In order to work out when content transcoding is likely to work well or not on a particular site or page, we decided to try out some Bayesian logic. Bayesian logic, named after its creator Reverend Thomas Bayes, appears to have become popular only about 270 years after it was devised, thanks to the invention of email and the subsequent deluge of spam. Thankfully, the advances in computing that made internet email possible have also enabled the application of Bayesian probability in a manner fast enough to be reasonable, an experience Reverend Thomas never lived to see. As ever, new problems and new solutions advance in lockstep.
We trained up a home-grown Bayes implementation using a corpus of human rated known-good and known-bad sites (sites that do/don't transcode well to mobile versions). In our first iteration of the test we used simple HTML tags as the training tokens, and gave the Bayes algorithm no prior knowledge of the world apart from what humans had previously rated as good or bad experiences. After a good deal of number crunching the following HTML tags emerged as the leading indicators of the likely success of page transcoding:
Good tags
- h4
- blockquote
- dl
- address
Bad tags (the "viagra" of tags):
- frame
- frameset
- noframes
- object
The bad tags are pretty obvious — even on a PC browser frames are usually a usability disaster. The object tag also needs no explanation: there is not much that can be done with a Flash object to make it work well on mobile devices.

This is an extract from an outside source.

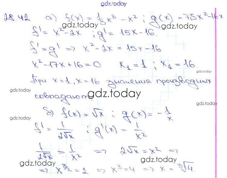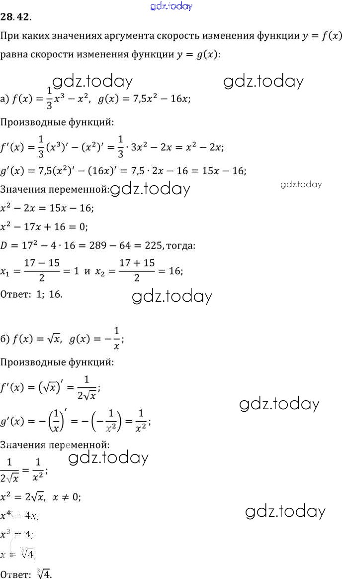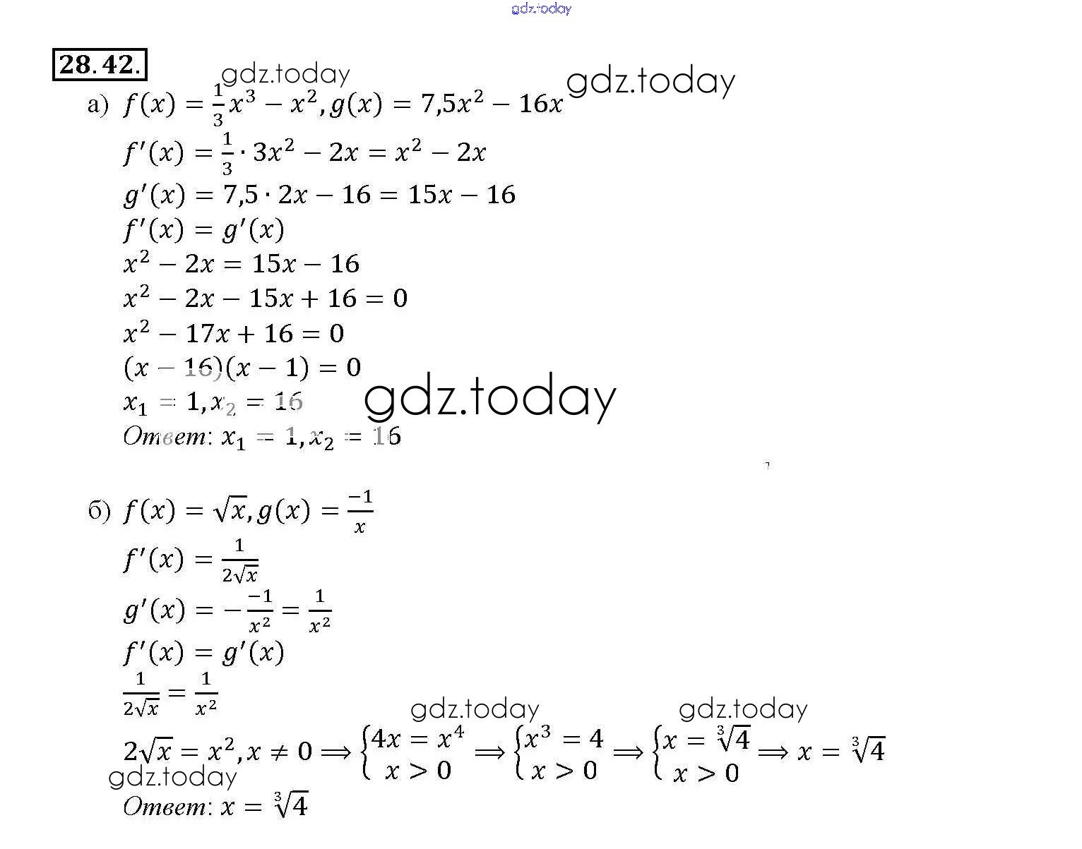 Ответы к §28. Вычисление производных Глава 5 28. 42 Задачнику по Алгебре для 10-11 класса Мордкович, Денищева Базовый уровень Мнемозина 2015

The good tags are more interesting:
- h4 – probabably indicates a semantically designed page
- blockquote – tends to be used in "crafted", semantically-designed pages
- dl (definition list) – rarely used tag, mostly used by HTML cognoscenti
- address – ditto
In summary, and this isn't really surprising on hindsight, pages that are semantically (rather than visually) designed lend themselves best to being transcoded into other formats.